ACTION ITEM>
Nothing but the lines from the one with "Cette courbe reprend" down to the one with "Markus Stitz does" should be returned, exactly and with both ends included, from the material below.
=== DATA SHOWN ===
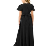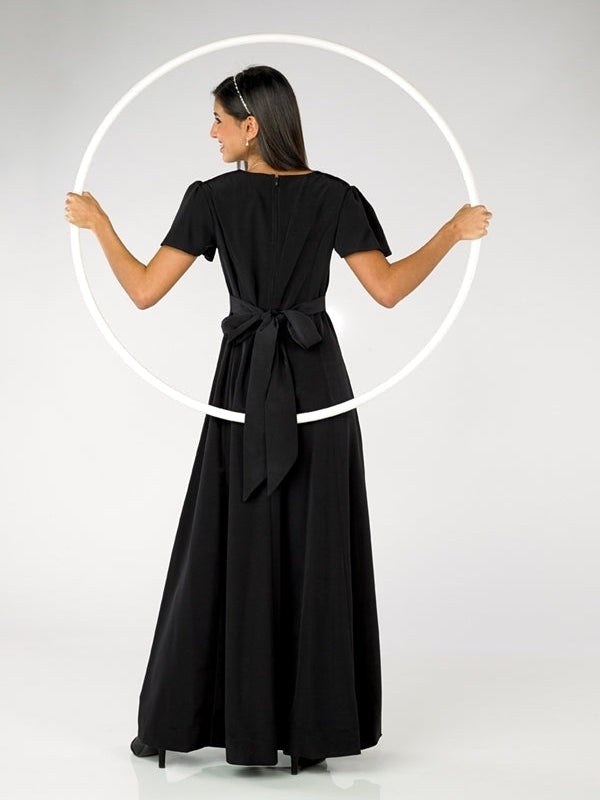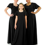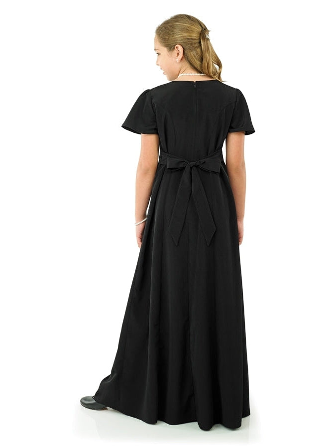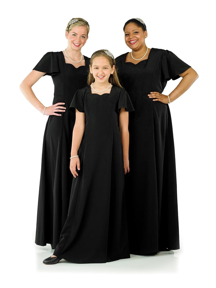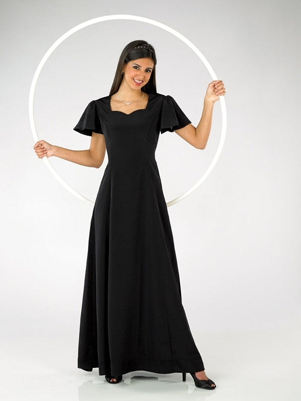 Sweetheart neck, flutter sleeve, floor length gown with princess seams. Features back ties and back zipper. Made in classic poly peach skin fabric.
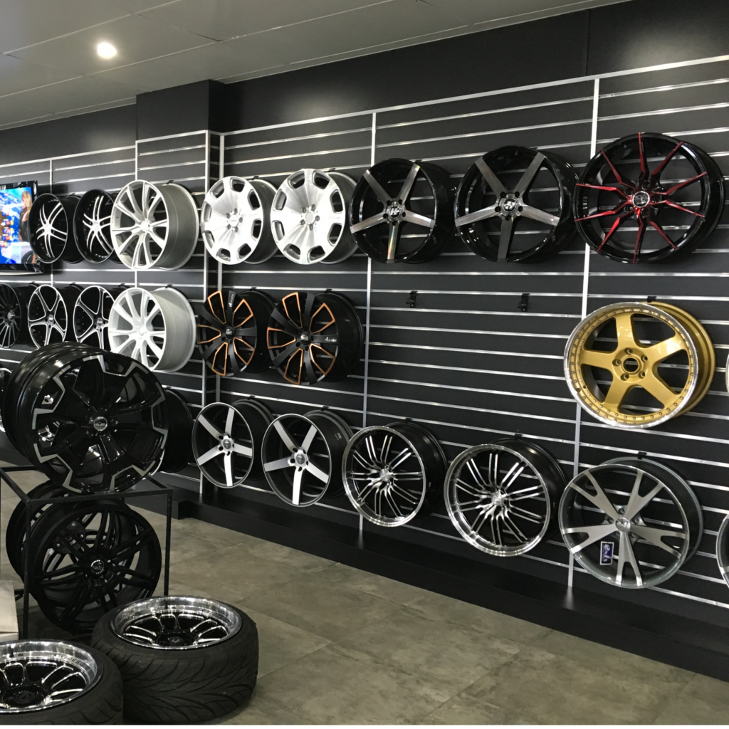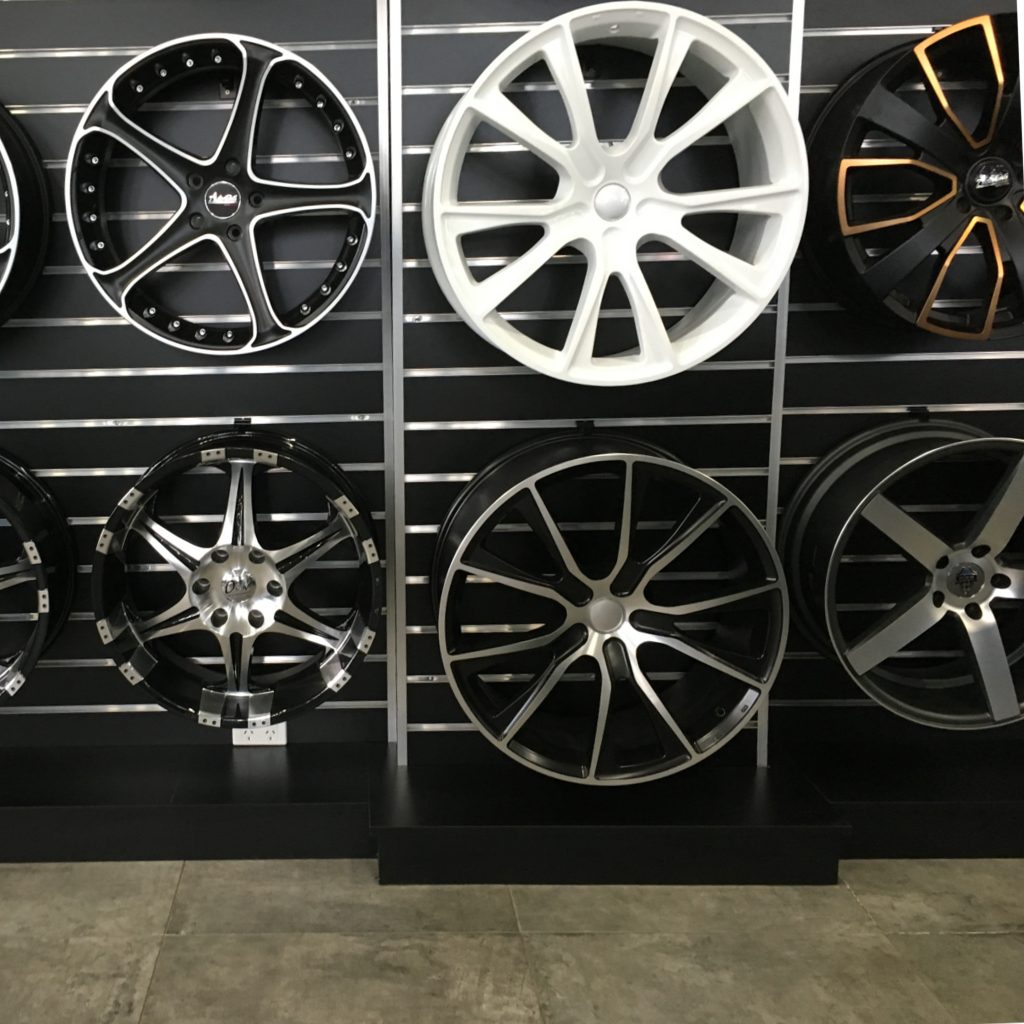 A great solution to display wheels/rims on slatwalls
===
=== DATA SHOWN ===
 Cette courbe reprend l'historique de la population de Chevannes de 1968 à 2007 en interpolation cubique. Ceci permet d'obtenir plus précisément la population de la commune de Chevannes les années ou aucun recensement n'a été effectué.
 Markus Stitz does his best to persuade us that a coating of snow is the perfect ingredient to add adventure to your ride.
===
WRITTEN ANSWER>
 Cette courbe reprend l'historique de la population de Chevannes de 1968 à 2007 en interpolation cubique. Ceci permet d'obtenir plus précisément la population de la commune de Chevannes les années ou aucun recensement n'a été effectué.
 Markus Stitz does his best to persuade us that a coating of snow is the perfect ingredient to add adventure to your ride.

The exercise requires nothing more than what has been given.